**Record set:**
========

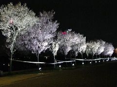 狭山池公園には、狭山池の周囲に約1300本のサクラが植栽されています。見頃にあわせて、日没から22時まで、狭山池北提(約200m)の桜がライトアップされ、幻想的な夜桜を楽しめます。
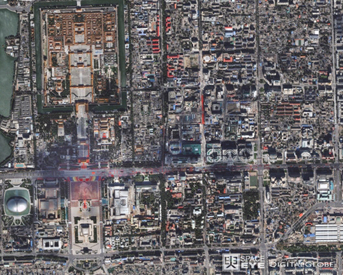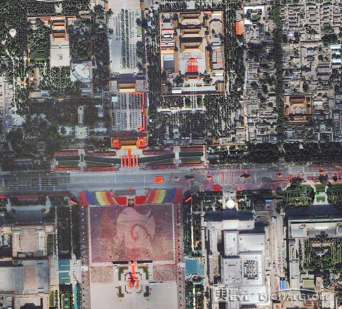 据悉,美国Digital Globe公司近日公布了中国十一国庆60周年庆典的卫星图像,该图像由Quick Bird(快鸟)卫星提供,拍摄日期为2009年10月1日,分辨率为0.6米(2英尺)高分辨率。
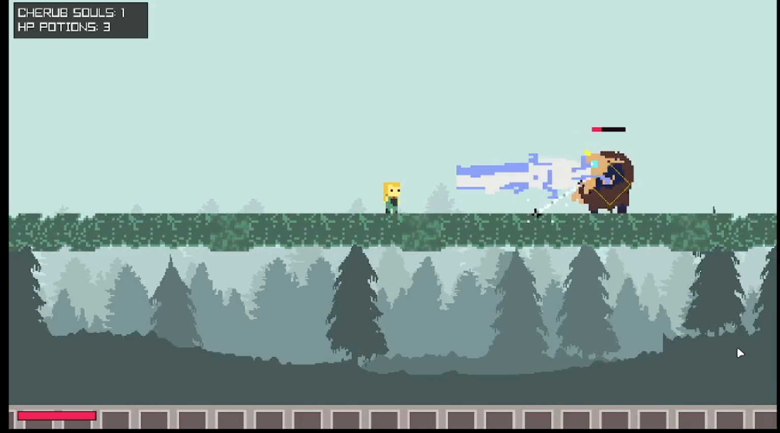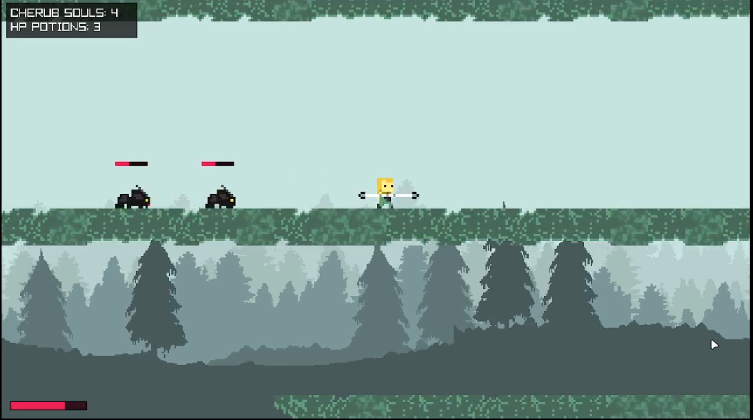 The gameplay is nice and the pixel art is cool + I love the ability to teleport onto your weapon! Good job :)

========

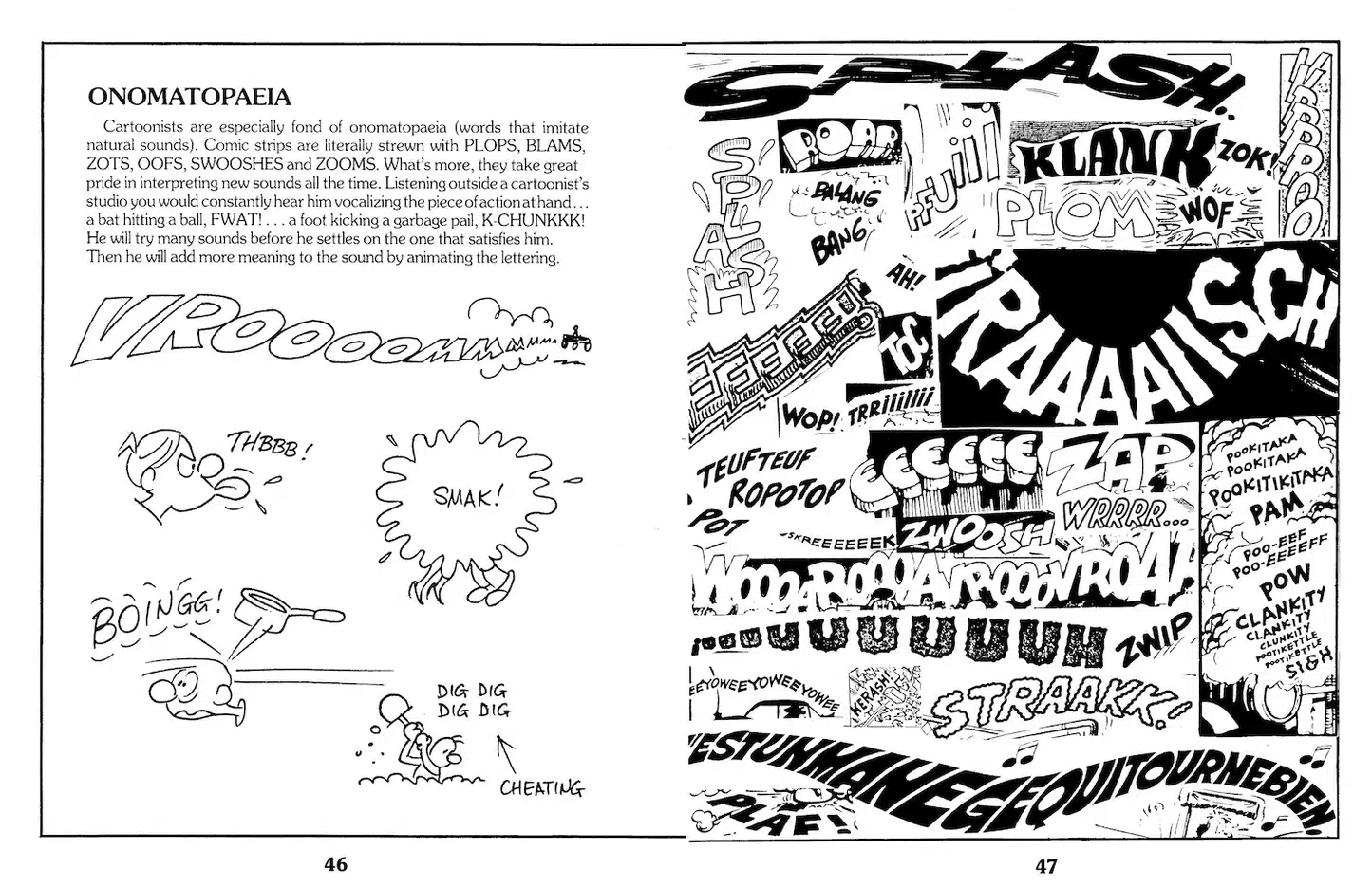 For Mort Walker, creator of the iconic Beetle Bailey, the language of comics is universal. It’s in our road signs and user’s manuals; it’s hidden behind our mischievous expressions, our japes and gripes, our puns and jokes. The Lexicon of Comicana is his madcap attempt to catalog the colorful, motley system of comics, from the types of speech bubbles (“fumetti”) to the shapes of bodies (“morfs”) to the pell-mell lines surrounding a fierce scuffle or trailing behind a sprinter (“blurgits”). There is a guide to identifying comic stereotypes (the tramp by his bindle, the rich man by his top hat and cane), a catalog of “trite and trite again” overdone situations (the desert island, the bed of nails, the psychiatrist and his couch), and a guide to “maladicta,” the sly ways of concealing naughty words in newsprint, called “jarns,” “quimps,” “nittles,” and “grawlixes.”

========

**What this task involves:** Would you transcribe the lines above exactly, going from the line bearing "狭山池公園には、狭山池の周囲" through the line bearing "The gameplay is", and drop the pictures from the copy?

**Exercise response:**
 狭山池公園には、狭山池の周囲に約1300本のサクラが植栽されています。見頃にあわせて、日没から22時まで、狭山池北提(約200m)の桜がライトアップされ、幻想的な夜桜を楽しめます。
 据悉,美国Digital Globe公司近日公布了中国十一国庆60周年庆典的卫星图像,该图像由Quick Bird(快鸟)卫星提供,拍摄日期为2009年10月1日,分辨率为0.6米(2英尺)高分辨率。
 The gameplay is nice and the pixel art is cool + I love the ability to teleport onto your weapon! Good job :)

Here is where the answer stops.